__TASK TO CARRY OUT__
Transcribe the listing verbatim, please, with images dropped.

__COLLECTED DATA__
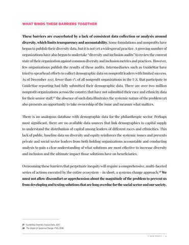 WHAT BINDS THESE BARRIERS TOGETHER These barriers are exacerbated by a lack of consistent data collection or analysis around diversity, which limits transparency and accountability. Some foundations and nonprofits have begun to publish their diversity data, but it is not yet a widespread practice. A growing number of organizations have also begun to undertake “diversity and inclusion audits” to review the current state of their organization against common diversity and inclusion metrics and practices. However, few organizations publish the results of these audits. Intermediaries such as GuideStar have tried to spearhead efforts to collect demographic data on nonprofit leaders with limited success. As of December 2017, fewer than 1% of all nonprofit organizations in the U.S. that participate in GuideStar reporting had fully submitted their demographic data. There are over two million nonprofit organizations across the country that have not submitted their race and ethnicity data for their senior staff;27 the absence of such data illustrates the systemic nature of the problem yet also presents an opportunity to take ownership of the issue and measure what matters. There is no analogous database with demographic data for the philanthropic sector. Perhaps most significant, there are no available data sources that link demographics to capital supply to understand the distribution of capital among leaders of different races and ethnicities. This lack of public, baseline data on diversity and equity reinforces the systemic issues and prevents private and social sector leaders from both holding organizations accountable and conducting analysis to gain a clear understanding of what solutions are most effective to increase diversity and inclusion and the ultimate impact those solutions have on beneficiaries. Overcoming these barriers that perpetuate inequity will require a comprehensive, multi-faceted series of actions executed by the entire ecosystem – in short, a systems change approach.28 We must not allow discomfort or apprehension about the magnitude of the problem to prevent us from developing and testing solutions that are long overdue for the social sector and our society.
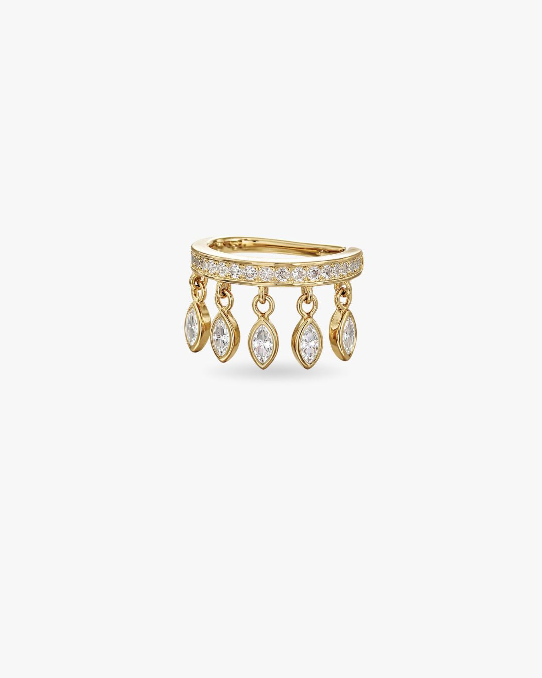 Sublimez votre oreille avec FLEURALIS, une bague d’oreille délicate au charme poétique. Son anneau finement serti de pierres scintillantes est orné de pendentifs délicats en forme de marquise, qui se balancent légèrement à chaque mouvement.
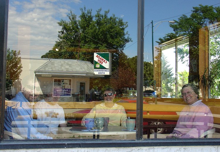 Summer solstice was warm and sunny in Calgary but Weeds hadn't put it's chairs out on the deck yet so we were stuck inside. To compensate, we sent the camera outside to snap our picture through the window.

__PROBLEM SOLUTION__
 WHAT BINDS THESE BARRIERS TOGETHER These barriers are exacerbated by a lack of consistent data collection or analysis around diversity, which limits transparency and accountability. Some foundations and nonprofits have begun to publish their diversity data, but it is not yet a widespread practice. A growing number of organizations have also begun to undertake “diversity and inclusion audits” to review the current state of their organization against common diversity and inclusion metrics and practices. However, few organizations publish the results of these audits. Intermediaries such as GuideStar have tried to spearhead efforts to collect demographic data on nonprofit leaders with limited success. As of December 2017, fewer than 1% of all nonprofit organizations in the U.S. that participate in GuideStar reporting had fully submitted their demographic data. There are over two million nonprofit organizations across the country that have not submitted their race and ethnicity data for their senior staff;27 the absence of such data illustrates the systemic nature of the problem yet also presents an opportunity to take ownership of the issue and measure what matters. There is no analogous database with demographic data for the philanthropic sector. Perhaps most significant, there are no available data sources that link demographics to capital supply to understand the distribution of capital among leaders of different races and ethnicities. This lack of public, baseline data on diversity and equity reinforces the systemic issues and prevents private and social sector leaders from both holding organizations accountable and conducting analysis to gain a clear understanding of what solutions are most effective to increase diversity and inclusion and the ultimate impact those solutions have on beneficiaries. Overcoming these barriers that perpetuate inequity will require a comprehensive, multi-faceted series of actions executed by the entire ecosystem – in short, a systems change approach.28 We must not allow discomfort or apprehension about the magnitude of the problem to prevent us from developing and testing solutions that are long overdue for the social sector and our society.
 Sublimez votre oreille avec FLEURALIS, une bague d’oreille délicate au charme poétique. Son anneau finement serti de pierres scintillantes est orné de pendentifs délicats en forme de marquise, qui se balancent légèrement à chaque mouvement.
 Summer solstice was warm and sunny in Calgary but Weeds hadn't put it's chairs out on the deck yet so we were stuck inside. To compensate, we sent the camera outside to snap our picture through the window.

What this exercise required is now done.